If you train them on a bunch of maths proofs, then they’ll get extremely good at producing maths proofs. Extremely good, in this case, means better than most skilled people.
Nobody should believe my explanation without double-checking. The idea that such one-word-at-a-time prediction could resemble intelligence is bizarre. But there is a little deja vu about this. In the world of fractal mathematic, extremely simple rules can yield unpredictable complexity and beauty.

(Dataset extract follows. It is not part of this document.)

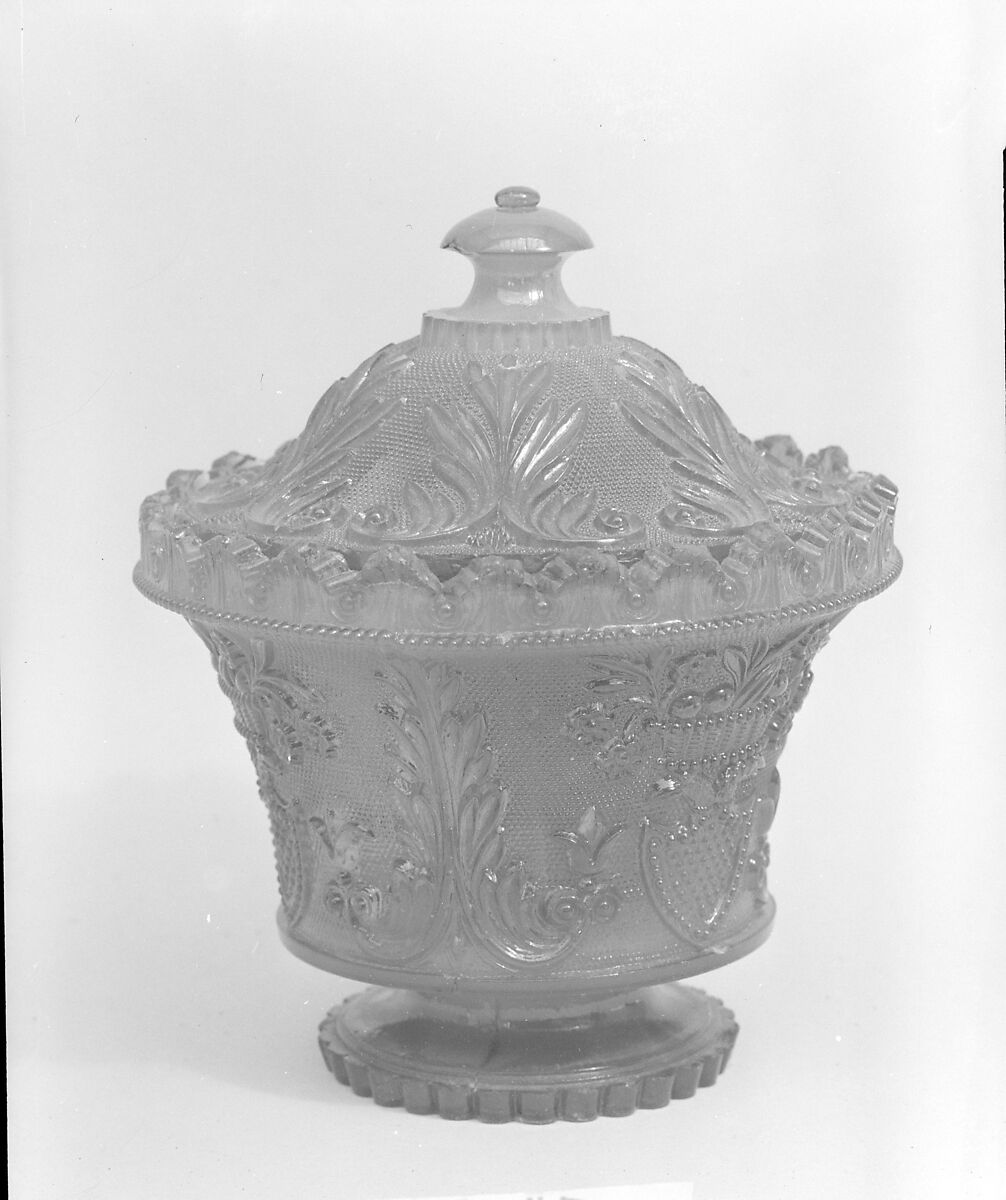 This covered sugar bowl is attributed to the Providence Flint Glass Works because of its strong similarity to marked salts made by that factory. The coloration of the piece in this collection is unusual. The bowl is pressed with alternating acanthus leaf and eagle-headed shield patterns, while the lid has six acanthus motifs.

So the screw up shouldn’t be surprising
Gemini, like other models, is trained by sucking in a vast amount of information from the internet. I haven’t been able to find the source of the 3,692.1 number, but maybe it’s out there somewhere. I did a post about AI and radiation mistakes a little over 12 months ago. It was a broadly positive post. The finding was that, unlike humans, the potential for AI to dig deeper in response to probing questions was incredibly useful. Humans tend to dig in, defend their position and are necessarily slow to assimulate new information; especially in response to being challenged. But this time around, I’m more perplexed and anxious. The confidence of Gemini in claiming a given report contained a very precise number is disturbing. Do humans do this? They might say, “I think the report said something like 3,000 kt”, but when a human says an exact number, we are (at least I am) very tempted to believe they know what they are talking about. We love confidence. We vote for confident people who make grandiose claims, we invest savings with them. I hope this post gives people pause for thought. Do your due diligence on AI claims.
And do even more due diligence on confident claims from people.